The boat picked up speed until Johnny had to work the oars continuously to keep it headed straight. A few hundred yards farther on he let loose the anchor chain, which went down with the roar of a sea monster.

He went over the side as easily as a man dismounting a horse. Rob was next. I got one heavy, awkward boot over the side, then found myself hopelessly stuck. I leaned outward, feeling for the river bottom or a rock that would give me some purchase. There was nothing but ceaseless motion.

“Here,” said Johnny. “Put your hand on my shoulder.”

Rob looked on in amusement. With one feeble push I was free. My boot found something that seemed solid. But it wasn't. I was ready for the shock of cold water, but Johnny held me upright by my suspenders like a marionette.

“Careful there, partner,” he said.

He led us a bit downstream of the drift boat, reminding us to take small, careful steps and keep right behind him.

“Pretty good vertical drop along here,” he said. “There's a deep pool ahead that always holds good fish.”

It lay about twenty yards downstream. The current poured over the
rocks along the right bank and into a black boil no more than six feet out from where we stood.

“If you do tie into a fish here,” Johnny said, “you've got to stand your ground. Follow it down too far, and you'll go in over your head.”

Johnny placed himself below Rob and me near where the gravel dropped off. I secured myself by jamming my left foot between two big rocks and bracing my right leg against a boulder. The river surged around my knees, making intricate patterns of turbulence like clouds from a satellite.

My first cast fell way short. But after a few minutes, I began putting the flies into the right general area. Much good it did me. The best I could offer summoned absolutely no response from the deep.

Patience has never been my strong suit, but I soon forgot everything but the 10
A.M.
and 2
P.M.
arc of the fly rod, the eddies and runs of the current, the drift of the fly.

Which suddenly vanished.

I lifted my rod to bring it back to the surface—and something surged at the end of the line.

“Don't even think about touching that reel,” said Johnny.

The fish raced downstream, taking line. Soon I was afraid I would lose this magnificent creature, which now loomed as large to me as love.

I started to wade after it, stumbling on rocks, moving faster than I was comfortable with, propelled by the force of the current.
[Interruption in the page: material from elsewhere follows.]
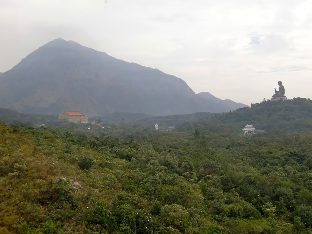 昂坪(ごんぴん)へ下ると、世界最大ブロンズ製の屋外座禅大仏様がおわし、ゴンピン360というケーブルカーで下山。(左が鳳凰山)

“Watch yourself there, partner,” said Johnny. “Ain't a fish in this river worth dying for.”

I managed to slow the fish and myself down and turned sideways to the flow to reduce its pressure on me. I took a lateral step, reeling in slack until I felt the shuddering terror on the other end of the line.

“Put some wood to it,” said Johnny. “There's no two ways about it: If you don't gain on it, it'll gain on you.”

“That's two ways right there,” I said.

“Win or lose. Live or die,” said Johnny. “Eat or be eaten.”

I took one more step downriver onto a rock, but when I lifted my upstream boot, the rock gave way. Water poured into my waders, then closed over my head. Something stronger than anything I had ever felt in my life pulled me down.

I managed to fight it until I got my head above the surface for an instant. I gulped in air, but water came with it, and when I went down again, I was struggling so hard that I coughed beneath the surface, which brought even more into my lungs.

My eyes opened and I saw far above me the bright, living, inaccessible sky. Then suddenly some terrible creature grabbed hold of me as if to tear my head from my body. I struggled against it. But it was no use. I went limp. At that very moment I felt something levitating me until I broke the surface.

“You're all right now,” Rob said. “Just let your feet down. It's shallow here. We're still above the rapids. You're safe.”

I was coughing when I felt the bottom under one heel. Rob's arm beneath my chin let go, and I came to a standing position. The water in my boots was so heavy I could barely move.